Seems they also changed the pattern for same day block releases and minor changes in next day too. I'm still working out the pattern the last week no luck.


----------



## enigmaquip (Sep 2, 2016)

CarmenFlexDriver said:


> Once you think you have it figured out............count on things to change!


I fully agree on that, our warehouse is now trying out 3.5hr logistics blocks, so we get 3, 3.5, and 4 all in the same day (sometimes for the same start time too), makes it so you have to pay more attention to grabbing blocks


----------



## Basmati (Sep 14, 2014)

I'm sure everybody already knows what my recommendation would be for somebody having trouble getting blocks.


----------



## Flexin-in-Vegas (May 19, 2017)

Ha! Yeah, Basmati, we know! I have an iPhone so don't think any of those things would work for me. I'm kinda up in the air about using bots anyway. I seriously LOVE being a flex driver. I've worked in offices for most of my jobs, and this suits me far better! So, I don't want to jeopardize it in any way. It would be great if Amazon would give us all a break and allow push notifications when blocks are posted, although by the time you saw the notification and got to the right screen, they'd probably be gone anyway.


----------



## Movaldriver (Feb 20, 2017)

In Riverside no blocks we're showing yesterday either which is strange. Usually I get 2 blocks on Friday. Wondering if something was going on and no blocks were released at all. Vans were working I got my order from one yesterday. Sometimes a day or 2 with no blocks showing just happens


----------



## Memorex (Oct 5, 2016)

Flexin-in-Vegas said:


> Ha! Yeah, Basmati, we know! I have an iPhone so don't think any of those things would work for me. I'm kinda up in the air about using bots anyway. I seriously LOVE being a flex driver. I've worked in offices for most of my jobs, and this suits me far better! So, I don't want to jeopardize it in any way. It would be great if Amazon would give us all a break and allow push notifications when blocks are posted, although by the time you saw the notification and got to the right screen, they'd probably be gone anyway.


iPhone has switch control as part of it's functionality. Google it. It'll help


----------



## uberer2016 (Oct 16, 2016)

This gig is so new. My warehouse is barely 6 months old. But is there anyone who's been doing this for more than a year? If so, how was it like last May? I suspect its because of the slow Summer season. I've only been able to work 2 hours this week so far. When I was there, we had only like 10 drivers working. Needless to say, there was not a lot of packages to deliver.

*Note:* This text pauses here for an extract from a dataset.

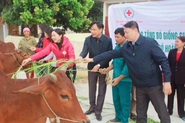Các cấp Hội Chữ thập đỏ bàn giao bò giống cho hộ nghèo, nạn nhân chất độc da cam

It's interesting to see other warehouses reporting lack of work as well. I think its just been really slow but should pick up again in August once back to school season starts.


----------



## Flexin-in-Vegas (May 19, 2017)

uberer2016 said:


> This gig is so new. My warehouse is barely 6 months old. But is there anyone who's been doing this for more than a year? If so, how was it like last May? I suspect its because of the slow Summer season. I've only been able to work 2 hours this week so far. When I was there, we had only like 10 drivers working. Needless to say, there was not a lot of packages to deliver.
> 
> It's interesting to see other warehouses reporting lack of work as well. I think its just been really slow but should pick up again in August once back to school season starts.


I hope that's all it is.

This forum is great, btw. I've read through pretty much everything flex-related and have learned a lot. I really appreciate the input by everyone. Very cool.


----------



## nighthawk398 (Jul 21, 2015)

IPhone have macros you can use


----------



## CatchyMusicLover (Sep 18, 2015)

CarmenFlexDriver said:


> Once you think you have it figured out............count on things to change!
> This gig is in a constant state of change and requires adapting often. So, right now as noted by catchy, it appears an onboarding push, which happens often. Block availability dries up or slows down for the "seasoned" drivers, as well as the increased competition makes it harder to get blocks while they get the new people tested.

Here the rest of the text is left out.